Llopart, palabras, medallas y silencio
El conserje del Parque Nacional del Teide, en Tenerife, tenía un presentimiento, pero no quería revelarlo, sobre el destino de Llopart en los Juegos Olímpicos; lo veía desde la mañana recorriendo el asfalto para respirar, con los codos alzados, como un pato del Támesis, el aire más alto de España, y después lo escuchaba regresar, sin estruendo, al lugar del reposo. Lo miraba mientras pedía un cubalibre en la barra del bar y lo vislumbraba cuando se alejaba, veloz, hacia el teléfono, a cumplir la media hora cotidiana que el atleta concede a la expansión libre del sentimiento. A la misma hora, cada día, como un autómata animado saltaba Llopart de su asiento en el comedor o de su lugar de televidente; nadie había escuchado el timbre y era probable, incluso, que no hubiera sonado el teléfono, pero él poseía el sexto sentido de los solitarios y acudía con sus codos de pato salvaje a acodarse sobre la mesa de la recepción y a recibir con risas las buenas nuevas que le llegaban en catalán.Los turistas cultos en la historia actual del atletismo se interesaban por él, y él les contaba en algunos idiomas que conoce largas historias sobre las condiciones de su entrenamiento; fabricaba una especie de estrategia elegante y nunca hablaba mal de sus colegas; sí de la administración del deporte, que mantiene a los atletas con subvenciones de miseria y en condiciones que garantizan su pobreza económica cuando ya resulten inservibles para correr, levantar pesas o luchar con sus prójimos del mundo. Él mismo, decía, ha perdido todas las posibilidades de escalar escalafones en su viejo trabajo de administrativo municipal, y se hallará, cuando termine de correr, con medallas o sin ellas, en el sitio que abandonó, ni un peldaño más.

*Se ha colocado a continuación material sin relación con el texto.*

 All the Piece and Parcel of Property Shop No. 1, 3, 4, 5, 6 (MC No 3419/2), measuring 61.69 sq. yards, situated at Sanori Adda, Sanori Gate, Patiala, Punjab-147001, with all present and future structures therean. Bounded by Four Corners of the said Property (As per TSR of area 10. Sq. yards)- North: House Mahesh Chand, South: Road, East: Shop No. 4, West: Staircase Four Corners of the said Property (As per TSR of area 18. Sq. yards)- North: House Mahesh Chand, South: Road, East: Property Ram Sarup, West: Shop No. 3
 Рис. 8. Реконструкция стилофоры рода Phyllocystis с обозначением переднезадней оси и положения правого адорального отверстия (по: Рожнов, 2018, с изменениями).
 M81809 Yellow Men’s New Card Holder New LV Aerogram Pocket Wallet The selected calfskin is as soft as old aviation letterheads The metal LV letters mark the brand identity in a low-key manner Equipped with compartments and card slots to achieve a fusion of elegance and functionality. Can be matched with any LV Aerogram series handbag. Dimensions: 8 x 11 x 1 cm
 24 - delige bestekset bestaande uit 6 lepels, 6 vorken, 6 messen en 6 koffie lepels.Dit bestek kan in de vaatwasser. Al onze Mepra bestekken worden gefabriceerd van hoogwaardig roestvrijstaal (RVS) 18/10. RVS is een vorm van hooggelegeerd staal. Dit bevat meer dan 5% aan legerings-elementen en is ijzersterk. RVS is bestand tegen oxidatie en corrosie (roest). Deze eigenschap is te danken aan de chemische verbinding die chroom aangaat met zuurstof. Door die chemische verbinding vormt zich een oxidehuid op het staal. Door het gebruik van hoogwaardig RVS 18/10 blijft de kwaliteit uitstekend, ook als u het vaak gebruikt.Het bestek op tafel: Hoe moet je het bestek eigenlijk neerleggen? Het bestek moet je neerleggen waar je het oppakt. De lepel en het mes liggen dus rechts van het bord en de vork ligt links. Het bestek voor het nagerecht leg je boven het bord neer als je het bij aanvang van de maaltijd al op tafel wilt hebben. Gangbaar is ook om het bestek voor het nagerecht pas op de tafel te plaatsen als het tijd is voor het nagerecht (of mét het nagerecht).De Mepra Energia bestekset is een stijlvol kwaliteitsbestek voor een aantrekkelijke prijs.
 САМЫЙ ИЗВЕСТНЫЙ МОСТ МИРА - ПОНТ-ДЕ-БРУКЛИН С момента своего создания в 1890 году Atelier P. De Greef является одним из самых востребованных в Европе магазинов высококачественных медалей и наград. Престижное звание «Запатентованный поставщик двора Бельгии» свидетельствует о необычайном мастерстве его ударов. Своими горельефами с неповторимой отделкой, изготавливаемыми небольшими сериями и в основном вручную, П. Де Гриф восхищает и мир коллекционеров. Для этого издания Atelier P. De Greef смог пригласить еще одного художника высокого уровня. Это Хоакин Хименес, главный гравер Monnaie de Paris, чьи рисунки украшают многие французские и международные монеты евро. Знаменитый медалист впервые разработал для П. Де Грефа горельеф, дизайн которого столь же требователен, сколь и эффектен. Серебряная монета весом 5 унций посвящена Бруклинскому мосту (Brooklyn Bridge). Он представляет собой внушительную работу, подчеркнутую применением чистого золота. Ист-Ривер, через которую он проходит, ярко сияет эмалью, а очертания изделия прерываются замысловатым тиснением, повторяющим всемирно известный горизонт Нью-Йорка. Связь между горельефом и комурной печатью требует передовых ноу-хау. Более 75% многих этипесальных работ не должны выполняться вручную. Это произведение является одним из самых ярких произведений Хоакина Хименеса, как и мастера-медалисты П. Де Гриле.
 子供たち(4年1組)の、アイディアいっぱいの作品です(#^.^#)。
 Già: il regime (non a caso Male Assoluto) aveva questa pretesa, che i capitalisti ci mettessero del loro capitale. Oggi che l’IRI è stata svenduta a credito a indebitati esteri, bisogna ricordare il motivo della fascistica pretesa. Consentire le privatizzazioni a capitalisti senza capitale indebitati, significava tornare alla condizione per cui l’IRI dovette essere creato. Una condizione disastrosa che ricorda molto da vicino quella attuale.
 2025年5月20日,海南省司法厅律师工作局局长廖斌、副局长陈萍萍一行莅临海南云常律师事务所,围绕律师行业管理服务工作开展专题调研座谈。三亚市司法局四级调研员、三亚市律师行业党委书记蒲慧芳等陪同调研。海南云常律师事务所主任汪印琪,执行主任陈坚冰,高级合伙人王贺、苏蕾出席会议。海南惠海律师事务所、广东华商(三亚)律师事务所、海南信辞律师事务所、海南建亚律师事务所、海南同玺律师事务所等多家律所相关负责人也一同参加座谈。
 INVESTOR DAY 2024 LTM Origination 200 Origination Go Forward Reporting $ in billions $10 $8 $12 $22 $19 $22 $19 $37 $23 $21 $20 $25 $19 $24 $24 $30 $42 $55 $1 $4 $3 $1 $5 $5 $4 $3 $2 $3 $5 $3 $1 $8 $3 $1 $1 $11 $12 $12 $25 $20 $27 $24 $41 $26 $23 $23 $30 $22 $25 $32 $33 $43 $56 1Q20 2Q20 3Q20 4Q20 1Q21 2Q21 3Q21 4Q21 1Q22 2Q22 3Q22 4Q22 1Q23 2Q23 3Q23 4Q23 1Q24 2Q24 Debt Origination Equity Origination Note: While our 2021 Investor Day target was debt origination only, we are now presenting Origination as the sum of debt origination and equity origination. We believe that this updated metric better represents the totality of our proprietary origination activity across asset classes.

Es un hombre flaco y locuaz que debe hablar consigo mismo mientras corre, pero que cuando se halla en sociedad habla, como un torrente, con los que le rodean, como hace el mimo Marcel Marceau cuando sale del escenario: los que han de andar mudos son incontenibles fuera del teatro de su trabajo principal. Y así, si se le veía con una cerveza entre las manos, explicaba el atleta las diversas teorías descubiertas por los alemanes para difundir mejor ese alcohol rubio, y si se le descubría ante sus cinco albaricoques diarios era capaz de subrayar de modo interminable las virtudes que fruta de tal naturaleza tiene a la hora de embadurnar de velocidad los músculos de los atletas de su condición.

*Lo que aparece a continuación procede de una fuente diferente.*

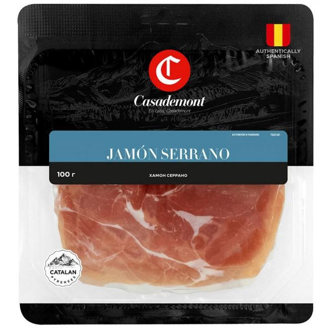 Традиционный испанский сыровяленый продукт из свиней белой породы, который высоко ценится гурманами по всему миру. Секрет Хамона Серрано Casademont заключается в тщательном отборе окороков и уникальном процессе вяления (не менее 7 месяцев), в результате которого создается исключительный продукт. Хамон Серрано великолепно подходит для приготовления закусок «тапас», особенно удобно это при варианте продукта в нарезке.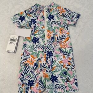 NWT This is a beautiful Ralph Lauren tropical print shortall rash guard swim suit. White background, with Back zipper, short sleeves, crew neck. Made of 100% nylon. UV protection. Fits 9-12 months.
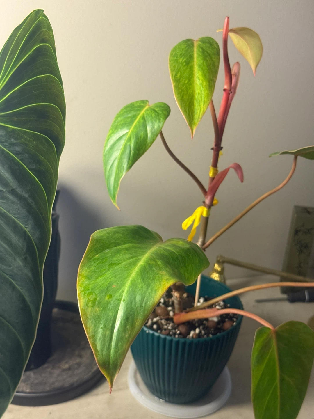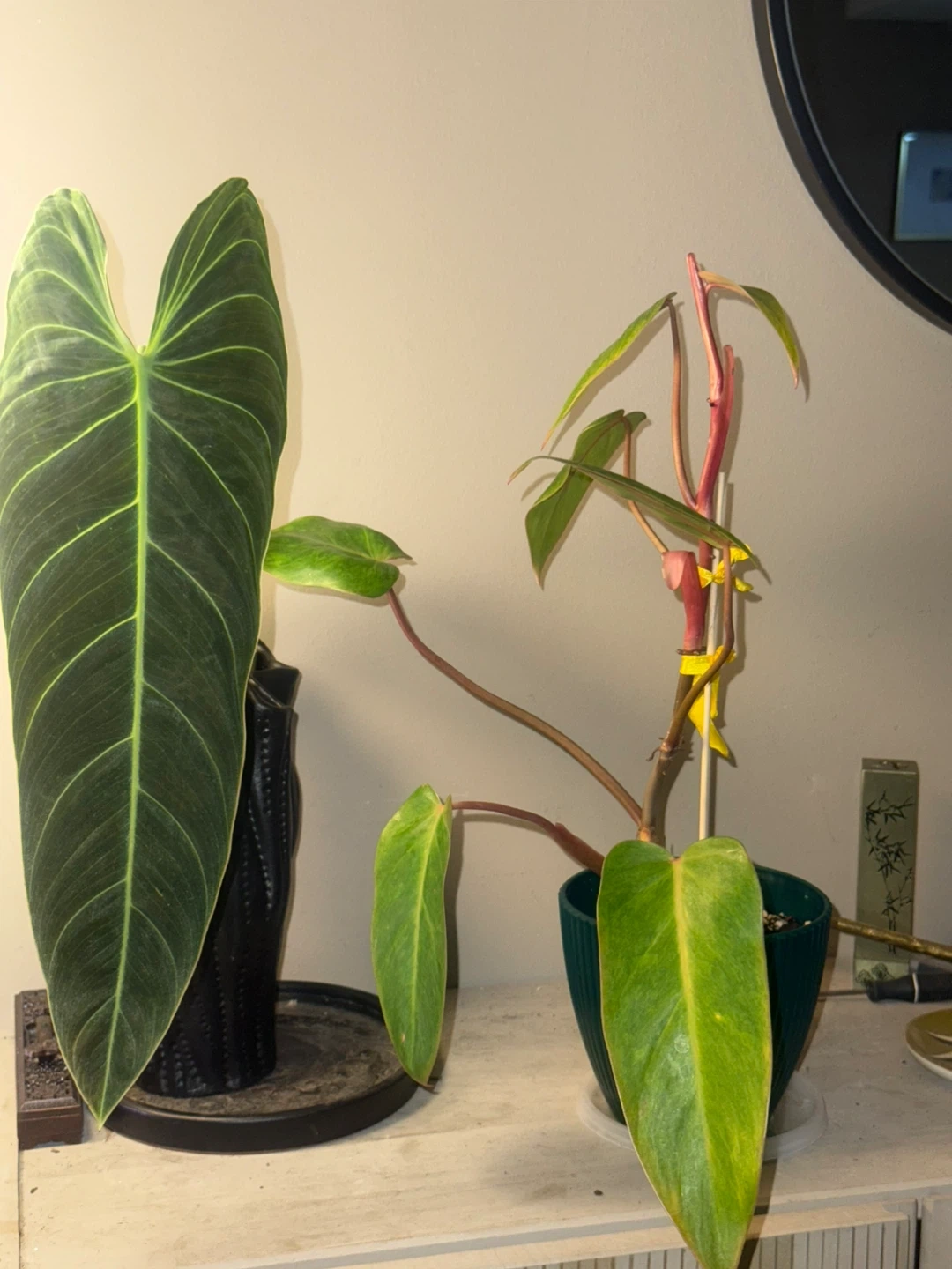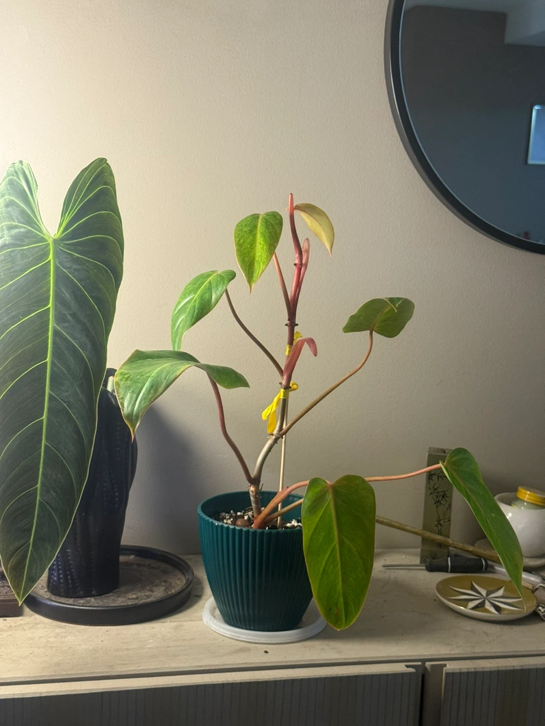 A beautiful Philodendron ‘painted lady’ plant that comes in a dark green planter. It’s a good combination on the visual to be adding into any room as a deco piece.

En la falda del Teide, antes y después de sus 45 kilómetros solitarios, Llopart parecía Kim de la India, amigo de todo el mundo, como un ser seráfico que después del esfuerzo se distendía entre las violetas de Las Cañadas, oliendo la retama y hablando, hablando, hablando, salvando Qon la palabra la tremenda soledad del corredor que sabe que su propia carrera le dejará atrás, cargado de medallas y de silencio. El conserje del Teide le verá llegar como si lo hubiera soñado.